O sistema judicial brasileiro, ao despir-se de suas tradições de serenidade e zelo pelas garantias individuais, parece que se sente em seu momento de glória.

Hoje, num ato falho, o inefável Carlos Alberto Sardemberg, apresentando os destaques do jornal da CBN durante os últimos dias, disse que “o Supremo Tribunal Federal brilhou”, certamente por ter referendado os atos arbitrários de Sérgio Moro. Em seguida, tentou diminuir a “bandeira”, dizendo que o “brilhou” era apenas no sentido de ter atraído a atenção pública.

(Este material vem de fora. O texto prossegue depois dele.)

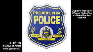 Philadelphia police released the 20-second 911 call Tuesday, as well as audio clips of officers discussing the incident. In that audio compilation, a woman called police at 4:37 p.m. on April 12, and calmly told the operator, "Hi, I have two gentlemen in my cafe who are refusing to make a purchase or leave," giving the address of the Starbucks.

Não foi o único na “opinião publicada”que o fez. Aplaude-se o que seria a “prova” de que a “lei é para todos”, sem um pingo de vergonha de fingirem que nem é lei, nem para todos é, mas apenas para Lula e para quem possa.

O resultado desta ofensiva judicial sobre a política é a iminência de cairmos sob o domínio de um governante assumidamente autoritário, violento e estimulador da “justiça com as próprias mãos”.

Que é evidente, como o monstro que ficou conhecido com o nome de seu criador: Frankenstein, vai se voltar contra aquele que o criou.